Toronto company fined $50K after worker injured while laying pipe
Business owners beware: If you're not 100 per cent compliant with Ontario's Occupational Health and Safety Act, you're totally screwed if something bad happens to one of your employees.
A company called Pipe & Piling SuppliesLimited, based in Toronto, learned this the hard way (though not nearly as hard as the person who was injured working for them) on Nov. 4 when an Ontario Court Justice determined that they should be fined $50,000 in relation to an incident that took place last April.
The provincial government released a court bulletin on Friday, as they sometimes do for high-profile cases of workplace death or injury, announcing that the steel pipe producer and supplier had been fined $50K by Justice of the Peace Vladimir Bubrin earlier this month.
The company was also ordered to pay a 25 per cent fine surcharge, per the Provincial Offences Act, which will go into a "special provincial government fund to assist victims of crime."
According to the province, a worker employed by Pipe & Piling at 36 Towns Road in Toronto had "sustained critical injuries when they became pinned between a rail car and a front-end loader" in April of 2021.
"On April 8, 2021, a worker was using the forks of a front-end loader to move an empty rail car along railway tracks," reads the court bulletin issued by Ontario's Ministry of Labour, Immigration, Training and Skills Development on Nov. 25.
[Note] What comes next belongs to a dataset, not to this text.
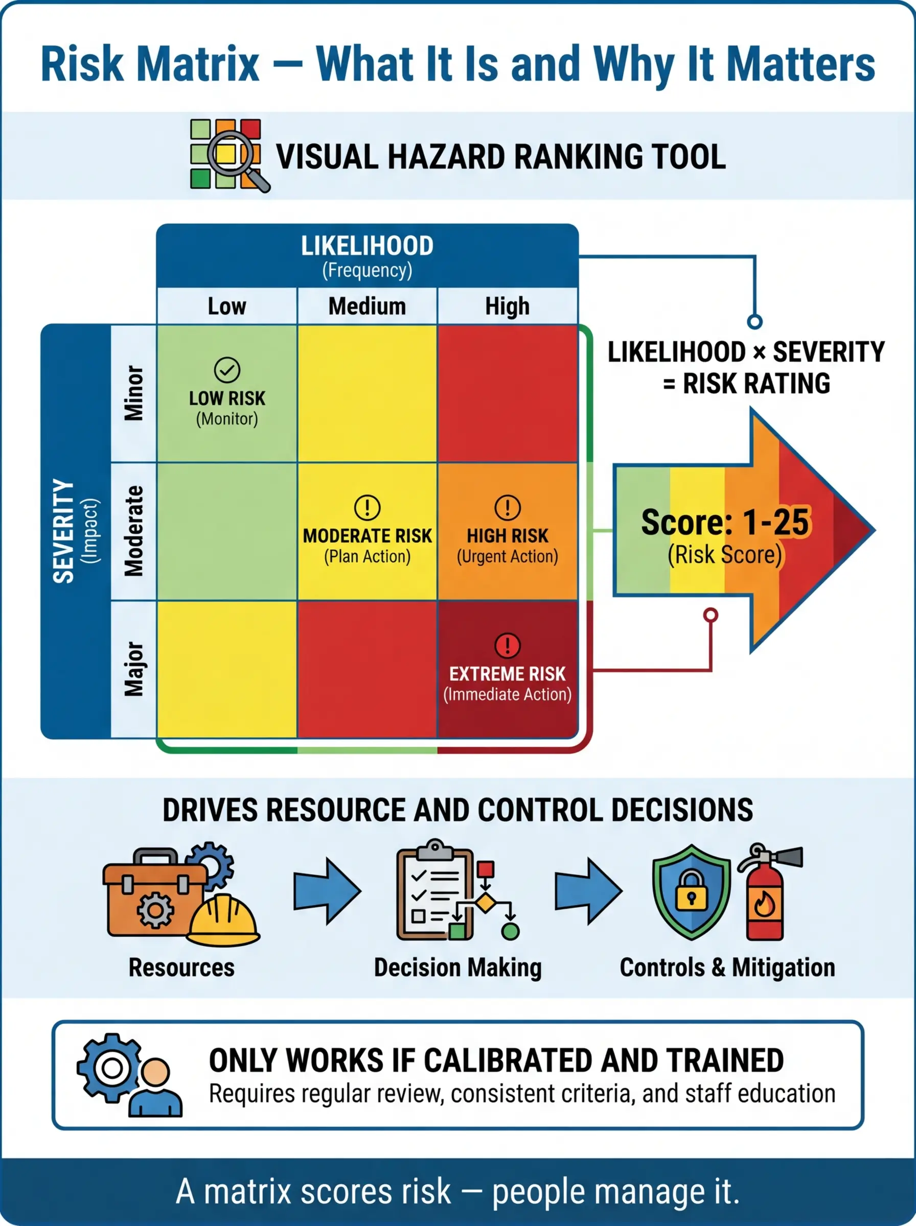 - A risk matrix is a visual grid that ranks hazards by likelihood and severity, giving safety teams a consistent, defensible method to prioritize which risks demand immediate action and which can be managed through routine controls.
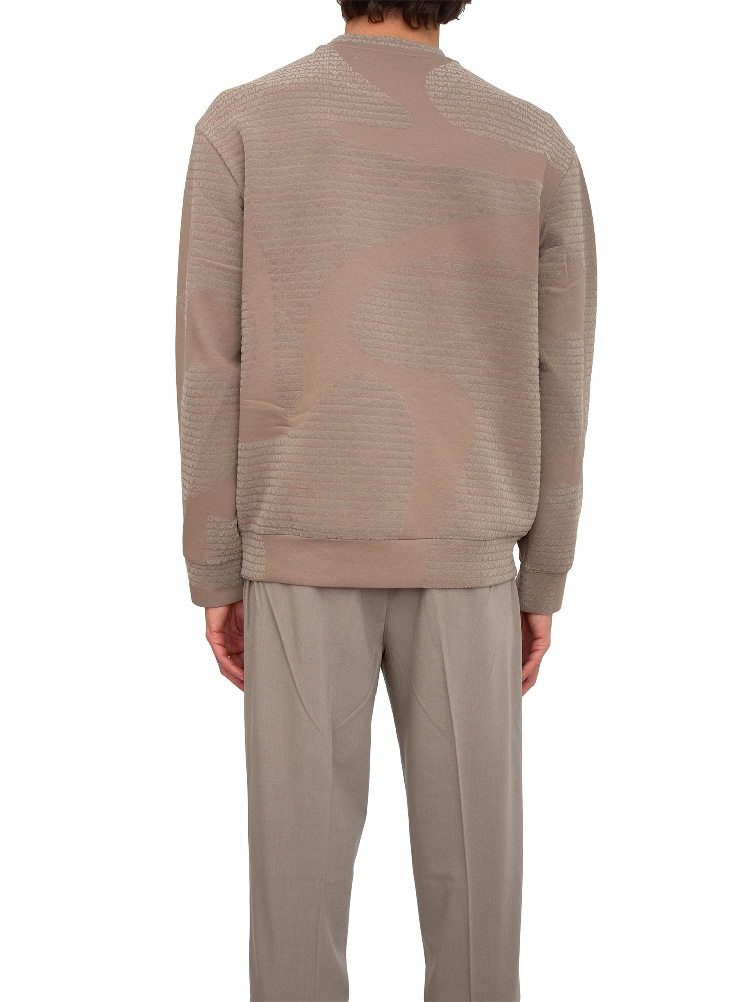 Felpa girocollo uomo Emporio Armani in misto cotone beige e logo jacquard

"Once at the desired location, the worker jumped onto the rail car to access the hand brakes, but the rail car rolled backwards. The worker became pinned between the rail car and the front-end loader, sustaining critical injuries."
Crown prosecutors had argued in the Ontario Court of Justice at Toronto's Old City Hall that Pipe & Piling had failed as an employer to "ensure that the unattended flatbed railcar was immobilized and secured against accidental movement."
Pipe & Piling Supplies Limited, to its credit, pled guilty to the charge — which is more than can be said for some companies dealing with serious workplace safety charges.